Letters to the Editor: A higher malpractice ‘pain and suffering’ cap will push out California doctors

 A trauma patient is rushed into the emergency room at Harbor-UCLA Medical Center.
A trauma patient is rushed into the emergency room at Harbor-UCLA Medical Center.
(Los Angeles Times)

To the editor: With all due respect to columnist George Skelton, who calls for increasing California’s medical malpractice cap, there simply is no reliable way to calculate the monetary value of “pain and suffering” that victims of malpractice experience.

Non-economic damages were rightfully limited in 1975 legislation signed by then-Gov.
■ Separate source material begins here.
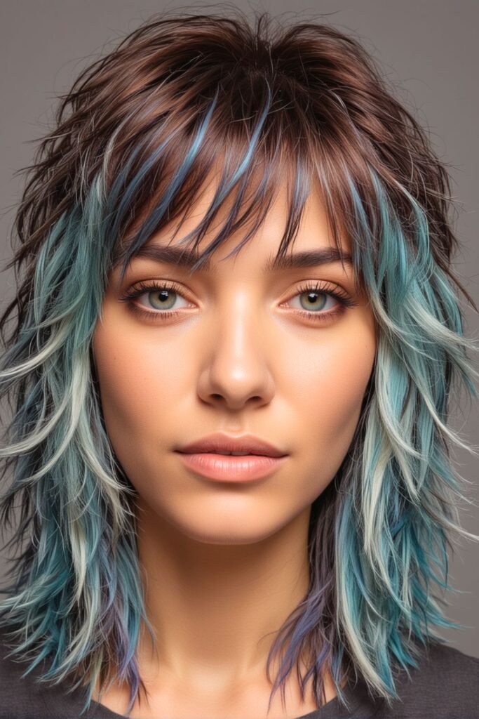 4. Layered Shag with Colored Highlights

Jerry Brown during a time when California was suffering a shortage of physicians, particularly those in such “high-risk” specialties as anesthesiology, neurosurgery, obstetrics and thoracic and cardiovascular surgery.

If the trial lawyers succeed in raising the malpractice cap through their second initiative in six years, I predict that health insurance premiums for all not only will rise greatly, but “defensive medicine” and the retirement of older physicians will accelerate while shortages of younger physicians in certain key specialties will reappear.

California no longer is a haven for younger doctors, who are faced with the same constraints as other Californians when it comes to housing costs. As an added burden, most are also paying off huge medical school loans. Voters next year will need to carefully consider whether they are willing to tolerate a physician exodus to Nevada (which has a $350,000 limit) or Texas ($250,000).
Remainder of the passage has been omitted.